The same could be said of the 76ers, though at least they have some good individual scorers in their tight eight-man rotation. However, the 76ers' potential Achilles heel seems a little larger. They entered the year with the same player rotation they had last year, and that continuity helped them race off to a fast start. But as the rest of the league begins to find its legs, how much will that continuity matter? The 76ers can't expect to outwork elite teams consistently all year. The Miami Heat, playing without Dwayne Wade, proved that in breaking open a close game on Saturday and pulling away for a 21-point victory.
Those appear to be the obvious problems with both teams, but is now the time to fix them? The Pacers and 76ers both have young cores. For Indiana, West is the elder statesman at 31. Granger is 28. Hibbert is 25. Collison, despite already being on his second team, is 24. Rangy wing Paul George is 21, rugged backup big man Tyler Hansbrough is 26 and newcomer George Hill, despite gaining valuable experience with the Spurs, is still just 25. The 76ers are even younger -- Elton Brand and Andre Iguodala are 32 and 28, respectively, but Jrue Holiday is just 21, Thaddeus Young is somehow only 23, Spencer Hawes (now injured) is 23, Lou Williams is 25 and Evan Turner is 23. On the surface, there's no immediate need to make a move when those cores have plenty of internal development left in them.
Or is there? The 76ers are already pretty capped out, thanks to Young's new extension and Iguodala's long-term deal. They could use the amnesty clause on Brand next summer or just hope he opts out with his $18 million early termination option, but they also need to bank some money for Holiday's eventual extension. The Pacers' cap situation is more friendly, but a good chunk of that money needs to go to pay Hibbert and potentially Hill, both restricted free agents in 2012 if they don't reach extension agreements by Wednesday. More fundamentally, West didn't sign a two-year contract with the Pacers to sit around as they bide their time and keep their cap flexibility. He signed a two-year contract because he believed their time was now.
The point here is that it'd be a mistake for the 76ers and Pacers to sit idly. They don't have to do anything, sure, but they should be exploring. If you're Philadelphia, why not call Orlando and see if a package centered around Young and Turner for Dwight Howard entices them?

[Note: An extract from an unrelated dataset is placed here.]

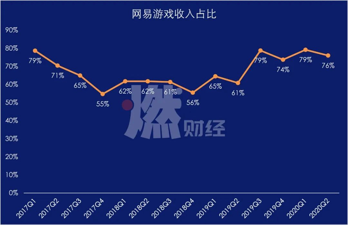 二季度,游戏在网易营收中的占比达到76%,回到了四年前的高位。过去网易大力投入做考拉和严选时,游戏收入的占比一度降到60%以下。放弃考拉后,这个比例从去年的六成,直接升至现在的近八成。

If you're Indiana, why not try to pitch the Nets on taking back Granger, Collison and other assets instead of losing Deron Williams for nothing this summer? Why not at least consider taking the plunge and hoping the winning programs that have been established will convince both players to stay?
Let's be very clear about this: I'd understand the reservations both teams had for making these moves, so no decision should be made rashly. I'm just saying both teams should make the phone call. Windows to contend in this league are never as open as they seem. The Bulls and Heat look great now, but with Derrick Rose and Dwyane Wade both likely to battle nagging injuries all year, they're vulnerable. The Pacers and 76ers have to at least consider any move that could take their good, young rosters to another level.
Because as it stands, for all the good feeling emanating from both cities, neither of these teams are touching Miami or Chicago in a seven-game series.